**EXERCISE PROMPT:**
Only the lines below from the one that holds "Budget Modern Elegant" through the one that holds "PAIR OF CERAMIC KOI FOUNTAIN HEADS" should appear in the answer, copied exactly, end lines included and pictures omitted.

**DATA SHOWN:**
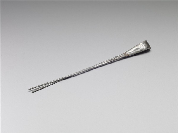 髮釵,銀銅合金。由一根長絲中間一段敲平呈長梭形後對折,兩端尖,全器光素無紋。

...

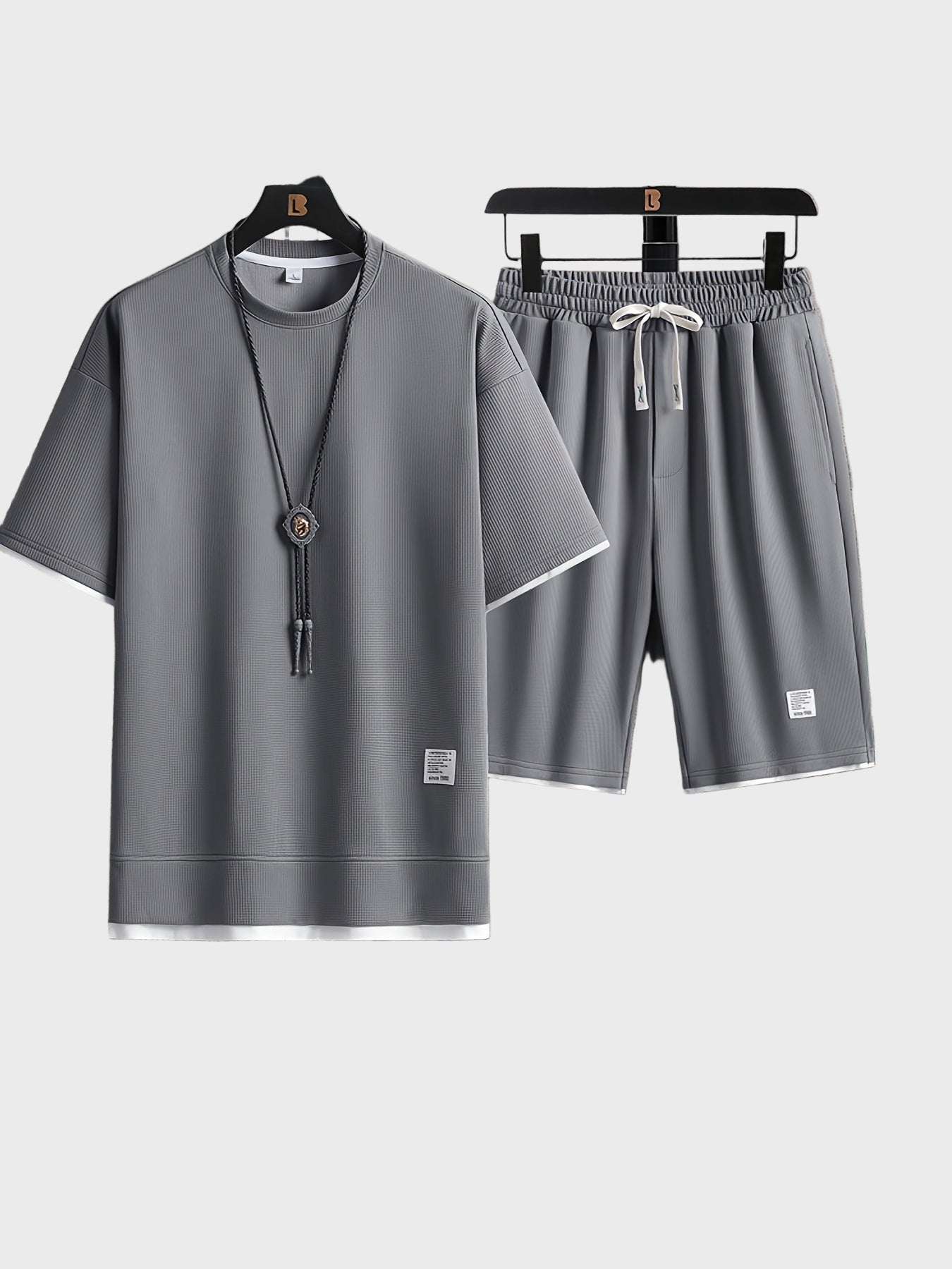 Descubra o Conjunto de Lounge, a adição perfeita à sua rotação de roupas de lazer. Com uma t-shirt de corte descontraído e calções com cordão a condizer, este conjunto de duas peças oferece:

---

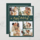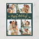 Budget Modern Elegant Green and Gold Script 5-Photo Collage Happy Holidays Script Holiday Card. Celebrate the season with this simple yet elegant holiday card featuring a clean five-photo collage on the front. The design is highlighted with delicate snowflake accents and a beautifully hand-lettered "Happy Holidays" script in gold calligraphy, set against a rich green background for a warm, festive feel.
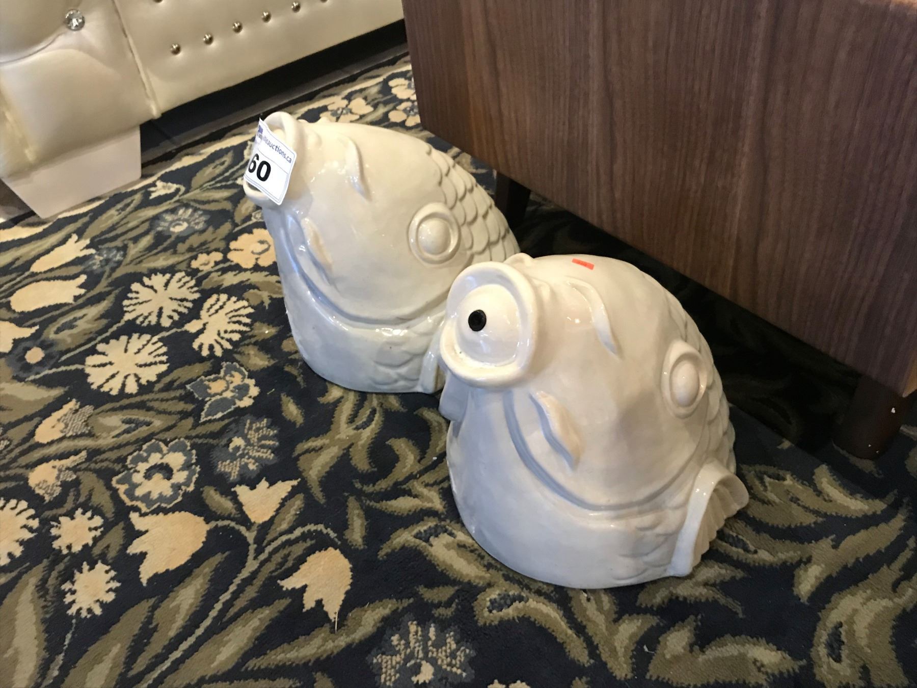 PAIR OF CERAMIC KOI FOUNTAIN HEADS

**ANSWER BOX:**
 Budget Modern Elegant Green and Gold Script 5-Photo Collage Happy Holidays Script Holiday Card. Celebrate the season with this simple yet elegant holiday card featuring a clean five-photo collage on the front. The design is highlighted with delicate snowflake accents and a beautifully hand-lettered "Happy Holidays" script in gold calligraphy, set against a rich green background for a warm, festive feel.
 PAIR OF CERAMIC KOI FOUNTAIN HEADS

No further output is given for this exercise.